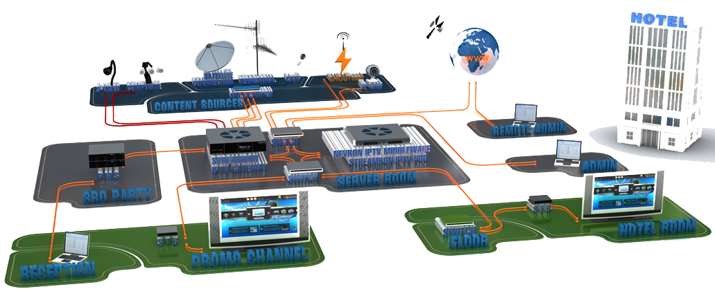 VIPTV can acquire any video signal source such as Satellite Downlink, Sourcing from Files,
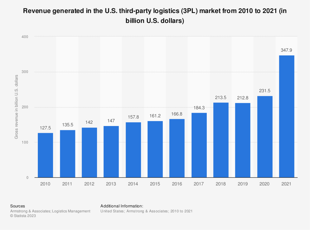 3PL在美国是一个新兴产业。该行业的总收入每年都在增长,仅2021年就飙升至3479亿美元。
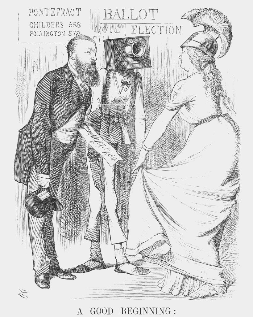 A Good Beginning.., 1872. The new Ballot Bill had recently been passed into law and here Britannia drops a slight curtsey to the lanky figure of the Ballot. The man to the left is Hugh Childers. This was the first parliamentary by-election held under the new regulations. Mr Childers was returned for the constituency of Pontefract by 658 votes. His Conservative opponent was Lord Pollington who won 578 votes. From Punch, or the London Charivari, August 24, 1872.

WORK REQUIRED. Your copy must start at the line that holds "3PL在美国是一个新兴产业。" and end at the last line of the data, both included; it must contain no pictures.

TASK ANSWER.
 3PL在美国是一个新兴产业。该行业的总收入每年都在增长,仅2021年就飙升至3479亿美元。
 A Good Beginning.., 1872. The new Ballot Bill had recently been passed into law and here Britannia drops a slight curtsey to the lanky figure of the Ballot. The man to the left is Hugh Childers. This was the first parliamentary by-election held under the new regulations. Mr Childers was returned for the constituency of Pontefract by 658 votes. His Conservative opponent was Lord Pollington who won 578 votes. From Punch, or the London Charivari, August 24, 1872.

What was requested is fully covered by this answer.